I’ve posted a couple of times comments by C. S. Lewis on free will. Charles Finney also is strong on this doctrine. From his Systematic Theology, he makes the following salient points:
Moral agency implies the possession of free will. . . . Free will implies the power of originating and deciding our own choices, and of exercising our own sovereignty, in every instance of choice upon moral questions. . . . That man cannot be under a moral obligation to perform an absolute impossibility is a first truth of reason. . . . Unless the will is free, man has no freedom; and if he has no freedom he is not a moral agent, that is, he is incapable of moral action and also of moral character. . . .
In theory, the freedom of the will in man has been denied. Yet the very deniers have, in their practical judgment, assumed the freedom of the human will as well, and as fully, as the most staunch defenders of human liberty of will. Indeed, nobody ever did or can, in practice, call in question the freedom of the human will without justly incurring the charge of insanity.

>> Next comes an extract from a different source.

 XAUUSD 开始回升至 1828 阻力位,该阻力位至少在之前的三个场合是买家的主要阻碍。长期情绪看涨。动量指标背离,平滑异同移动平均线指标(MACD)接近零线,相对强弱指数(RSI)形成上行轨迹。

By a necessity of his nature, every moral agent knows himself to be free. He can no more hide this fact from himself, or reason himself out of the conviction of its truth, than he can speculate himself into a disbelief of his own existence. He may, in speculation, deny either, but in fact he knows both. That he is, that he is free, are truths equally well known.

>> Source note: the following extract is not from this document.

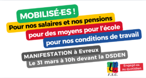 Le 31 mars, toutes et tous mobilisé.es ! 2026-03-26T09:11:45+01:0026 mars 2026|Catégories : Non classé| Partagez cet article ! FacebookXWhatsAppTelegramEmail Articles similaires Tous et toutes en grève le 5 décembre Tous et toutes en grève le 5 décembre 20 novembre 2024 Bulletin FSU 27 de rentrée – Bonne lecture Bulletin FSU 27 de rentrée – Bonne lecture 11 septembre 2023 stage intersyndical « discrimination des femmes au travail et « Violences sexistes et sexuelles » (avec les fédérations syndicales CGT 27 et Solidaires 27) le mardi 28 février 2023 stage intersyndical « discrimination des femmes au travail et « Violences sexistes et sexuelles » (avec les fédérations syndicales CGT 27 et Solidaires 27) le mardi 28 février 2023 17 janvier 2023 L’extrême droite battue, continuons nos combats pour consolider la démocratie et agir pour le progrès social. L’extrême droite battue, continuons nos combats pour consolider la démocratie et agir pour le progrès social. 24 avril 2022 10ème congrès de la FSU à Metz du 31 janvier au 4 février 10ème congrès de la FSU à Metz du 31 janvier au 4 février 1 février 2022

The bottom line here is this: theory is one thing, practice is another. No matter how you may slice away man’s freedom to choose in theory, you cannot escape the reality that all mankind makes choices, and those choices are not forced by God. He has given us the capacity to choose. When we choose in accordance with His love and laws (and they’re not really at odds), we are blessed; when we rebel against Him, we suffer the consequences of our sins.